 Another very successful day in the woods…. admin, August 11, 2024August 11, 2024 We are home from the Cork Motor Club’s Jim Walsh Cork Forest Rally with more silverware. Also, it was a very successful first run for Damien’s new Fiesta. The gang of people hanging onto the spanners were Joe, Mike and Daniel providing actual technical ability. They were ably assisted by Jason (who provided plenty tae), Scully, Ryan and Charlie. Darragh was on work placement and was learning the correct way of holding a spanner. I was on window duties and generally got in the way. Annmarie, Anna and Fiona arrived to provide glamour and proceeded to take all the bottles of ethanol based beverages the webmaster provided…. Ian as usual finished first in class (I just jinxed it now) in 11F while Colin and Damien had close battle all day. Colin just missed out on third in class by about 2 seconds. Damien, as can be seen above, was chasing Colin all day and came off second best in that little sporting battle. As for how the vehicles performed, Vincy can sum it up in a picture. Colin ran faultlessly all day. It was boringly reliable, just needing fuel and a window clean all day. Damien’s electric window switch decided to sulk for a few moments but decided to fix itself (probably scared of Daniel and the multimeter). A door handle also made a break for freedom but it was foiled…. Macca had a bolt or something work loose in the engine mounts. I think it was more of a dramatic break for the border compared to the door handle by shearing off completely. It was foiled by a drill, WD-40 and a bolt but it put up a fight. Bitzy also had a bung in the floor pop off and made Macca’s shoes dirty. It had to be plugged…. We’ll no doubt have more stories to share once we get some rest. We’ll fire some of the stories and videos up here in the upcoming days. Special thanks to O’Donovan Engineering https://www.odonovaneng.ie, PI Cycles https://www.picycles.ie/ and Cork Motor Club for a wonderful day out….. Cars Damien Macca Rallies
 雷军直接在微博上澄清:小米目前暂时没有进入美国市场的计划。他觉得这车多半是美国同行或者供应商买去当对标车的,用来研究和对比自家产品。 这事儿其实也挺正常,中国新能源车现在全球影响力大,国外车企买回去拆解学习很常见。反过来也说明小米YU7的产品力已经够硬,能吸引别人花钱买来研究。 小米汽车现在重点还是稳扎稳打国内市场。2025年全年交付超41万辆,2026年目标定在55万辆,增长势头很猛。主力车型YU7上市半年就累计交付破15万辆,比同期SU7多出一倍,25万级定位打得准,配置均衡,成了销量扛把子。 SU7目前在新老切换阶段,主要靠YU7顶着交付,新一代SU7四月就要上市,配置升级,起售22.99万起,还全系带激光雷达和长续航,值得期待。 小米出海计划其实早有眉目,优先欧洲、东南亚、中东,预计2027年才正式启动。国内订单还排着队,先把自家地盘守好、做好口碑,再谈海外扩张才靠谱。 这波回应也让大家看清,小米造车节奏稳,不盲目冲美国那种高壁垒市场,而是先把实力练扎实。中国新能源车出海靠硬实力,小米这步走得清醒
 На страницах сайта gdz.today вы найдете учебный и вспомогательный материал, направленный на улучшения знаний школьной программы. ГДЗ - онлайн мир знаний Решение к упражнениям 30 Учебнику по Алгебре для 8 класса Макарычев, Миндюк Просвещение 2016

========================

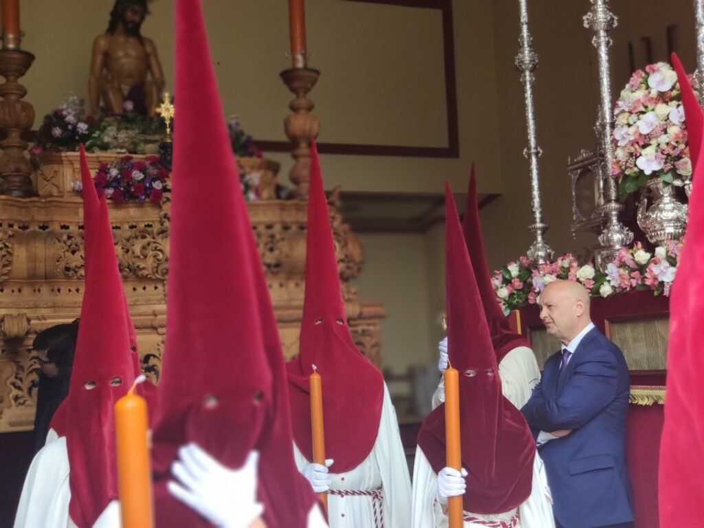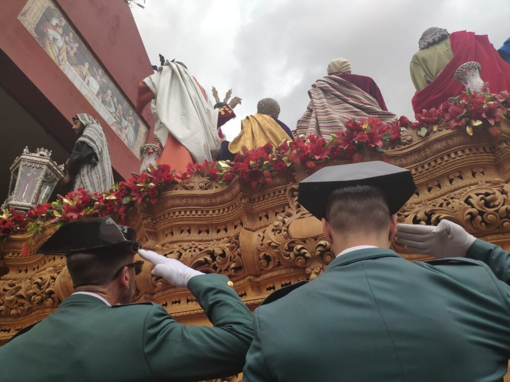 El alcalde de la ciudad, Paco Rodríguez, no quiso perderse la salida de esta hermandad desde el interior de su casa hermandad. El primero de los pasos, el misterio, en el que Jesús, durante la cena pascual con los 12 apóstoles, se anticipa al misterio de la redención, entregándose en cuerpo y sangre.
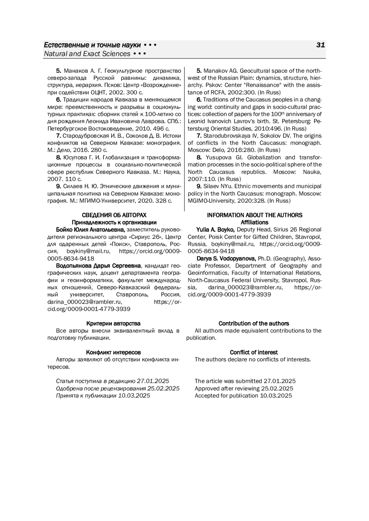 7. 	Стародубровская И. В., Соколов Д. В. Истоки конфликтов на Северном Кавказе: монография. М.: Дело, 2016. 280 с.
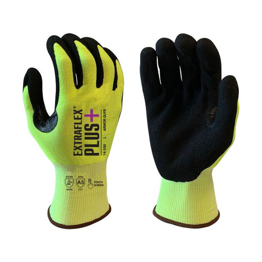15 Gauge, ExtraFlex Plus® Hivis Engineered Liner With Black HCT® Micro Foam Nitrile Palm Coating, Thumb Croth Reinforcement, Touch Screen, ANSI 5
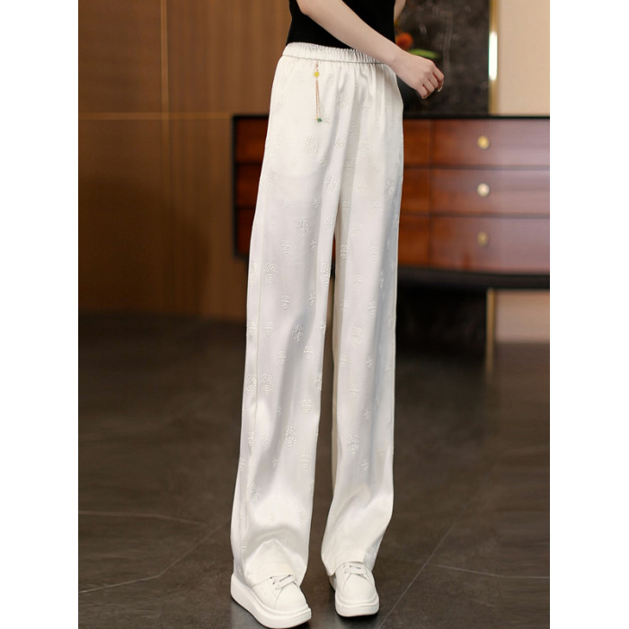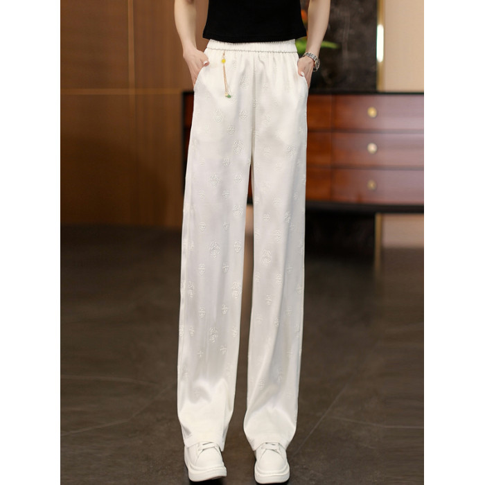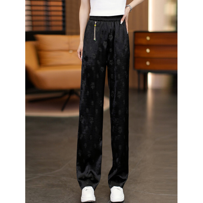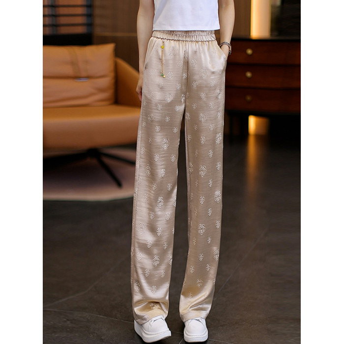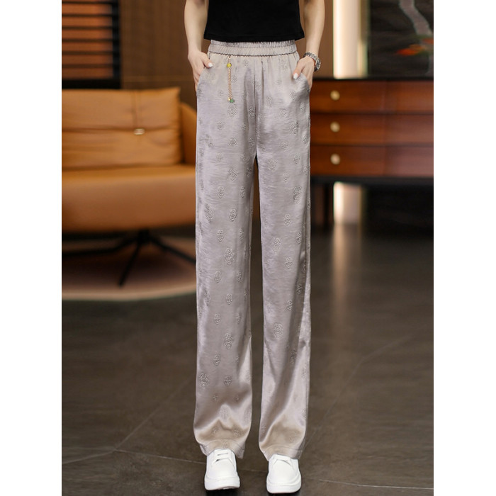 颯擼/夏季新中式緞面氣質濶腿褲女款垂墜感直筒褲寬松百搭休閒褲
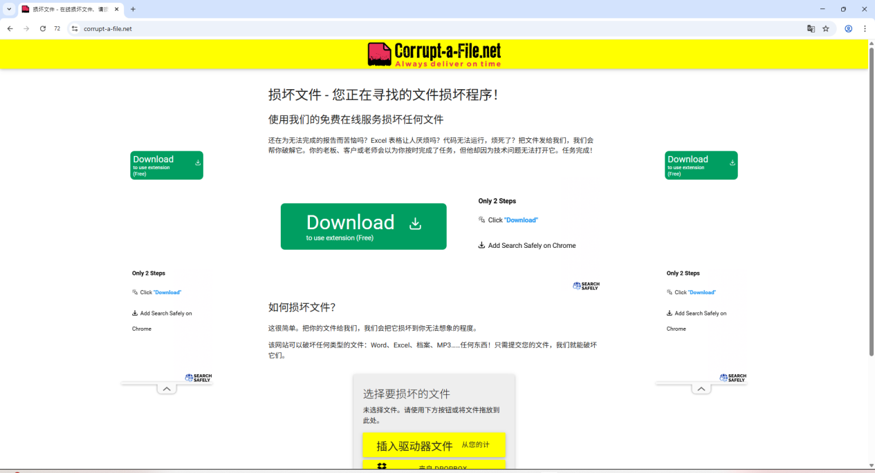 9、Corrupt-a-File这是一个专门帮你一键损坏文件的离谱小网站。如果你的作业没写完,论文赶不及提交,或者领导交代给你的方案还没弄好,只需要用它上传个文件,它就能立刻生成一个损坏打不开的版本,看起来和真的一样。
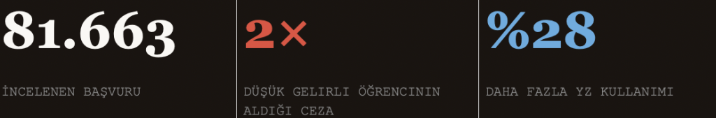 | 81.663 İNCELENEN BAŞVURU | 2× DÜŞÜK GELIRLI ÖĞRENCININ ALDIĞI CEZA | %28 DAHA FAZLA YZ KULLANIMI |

========================

What you will do:
Look above for the line with "15 Gauge, ExtraFlex" and the line with "YZ KULLANIMI |". Output those two and everything between them exactly, pictures excluded.

Expected answer:
15 Gauge, ExtraFlex Plus® Hivis Engineered Liner With Black HCT® Micro Foam Nitrile Palm Coating, Thumb Croth Reinforcement, Touch Screen, ANSI 5
 颯擼/夏季新中式緞面氣質濶腿褲女款垂墜感直筒褲寬松百搭休閒褲
 9、Corrupt-a-File这是一个专门帮你一键损坏文件的离谱小网站。如果你的作业没写完,论文赶不及提交,或者领导交代给你的方案还没弄好,只需要用它上传个文件,它就能立刻生成一个损坏打不开的版本,看起来和真的一样。
 | 81.663 İNCELENEN BAŞVURU | 2× DÜŞÜK GELIRLI ÖĞRENCININ ALDIĞI CEZA | %28 DAHA FAZLA YZ KULLANIMI |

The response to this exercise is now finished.